JPH06325650A - Combination electric contact and relay and switch - Google Patents

Abstract

PURPOSE:To attain both ensuring high contact reliability and improving adhesion resistance by forming the first layer, where the first and second contact are brought into contact with each other, into combination of different kind material of Au system. CONSTITUTION:The first contact 1 has the first layer 2 consisting of Au system material, second layer 3 consisting of Ag-Ni alloy and the third layer 4 consisting of Cu-Ni alloy. The second contact 5, opposed to the contact 1, has the first layer 6 consisting of Au or Au alloy, second layer 7 consisting of Ag-Ni alloy and the third layer 8 consisting of Cu-Ni alloy. The layer 2 of the contact 1 is set to an Ag-Au alloy containing 7 to 13wt.% Ag and an Au-Ni alloy containing 1 to 3wt.% Ni or an Au-Pd alloy containing 3 to 7wt.% Pd. The layer 6 of the contact 5 is used with Au and Au alloy or Au-Ag-Pt alloy (PGS).

Description

Detailed Description of the Invention

[0001]

BACKGROUND OF THE INVENTION 1. Field of the Invention The present invention relates to a combined electrical contact in which two kinds of contacts are combined and made to face each other, and a relay and a switch which incorporate and use the electric contacts.

[0002]

2. Description of the Related Art In a conventional general electric contact, in order to improve contact reliability of both opposing contacts, a plating layer or a clad layer made of Au or a clad made of an Au-based alloy is formed on each surface of both contacts. A homogeneous material layer called a layer was formed.

[0003]

However, in the conventional electrical contact as described above, the Au or Au-based material forming the surface layers of both contacts is very soft and easily plastically deformed, and chemically. Since it is stable, it has the property that a surface film is hard to form, but even with a low contact force, a new surface appears due to plastic deformation, and adhesion occurs due to the action of surface energy accompanying contact on this new surface. Both contact points are likely to be inseparable or difficult to open, and such adhesion has been a cause of deterioration in reliability as an electrical contact point.

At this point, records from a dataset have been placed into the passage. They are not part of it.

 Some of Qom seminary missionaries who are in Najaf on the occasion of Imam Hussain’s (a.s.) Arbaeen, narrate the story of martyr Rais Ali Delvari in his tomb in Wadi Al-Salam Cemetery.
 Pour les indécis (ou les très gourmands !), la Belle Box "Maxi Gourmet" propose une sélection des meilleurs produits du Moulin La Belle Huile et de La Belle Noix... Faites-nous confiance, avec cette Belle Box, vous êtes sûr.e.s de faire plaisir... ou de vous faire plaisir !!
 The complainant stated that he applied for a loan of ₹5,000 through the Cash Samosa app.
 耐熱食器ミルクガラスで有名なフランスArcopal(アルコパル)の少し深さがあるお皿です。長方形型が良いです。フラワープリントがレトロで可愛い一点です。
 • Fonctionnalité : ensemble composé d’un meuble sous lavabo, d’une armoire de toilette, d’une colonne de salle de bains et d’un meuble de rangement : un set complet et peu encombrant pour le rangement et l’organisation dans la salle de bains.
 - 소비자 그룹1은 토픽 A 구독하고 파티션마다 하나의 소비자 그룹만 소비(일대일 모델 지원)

In order to prevent the above-mentioned sticking phenomenon, a hard plating layer is formed on the surface of the Au-based contact,
Alternatively, it may be considered that the contact itself is made of a metal material having a high hardness other than Au, but these are not preferable in terms of contact reliability.
In particular, as with the current relays and switches, with the progress of lighter, thinner and smaller size, and lower power consumption, the contact opening force tends to become smaller and smaller. There is a strong demand for improvement in tack resistance while maintaining the properties.

The present invention has been made in view of the above circumstances, and an object thereof is to provide a combined electrical contact capable of ensuring both high contact reliability and improved adhesion resistance.

[0006]

In order to achieve the above object, a combination electrical contact according to claim 1 of the present invention is Ag.
A first contact having a first layer of Au-Ag alloy containing 7 to 13 wt% and a second contact having a first layer of Au.
The contact points are combined to face each other.

A combination electrical contact according to claim 2 is
A first contact having a first layer made of an Au-Ni alloy containing 1 to 3% by weight of Ni and a second contact having a first layer made of Au or an Au alloy are combined and opposed to each other. .

A in the combination electric contact according to claim 2
As the u alloy, Au-Ag containing 7 to 13% by weight of Ag
Alloy, Au-Pd alloy containing 3 to 7 wt% Pd, or Au-Ag-Pt containing 25 wt% Ag and 6 wt% Pt.
Any of the alloys may be used.

The combination electrical contact according to claim 6 is
A first contact having a first layer made of an Au-Pd alloy containing 3 to 7% by weight of Pd and a second contact having a first layer made of Au are combined and opposed to each other.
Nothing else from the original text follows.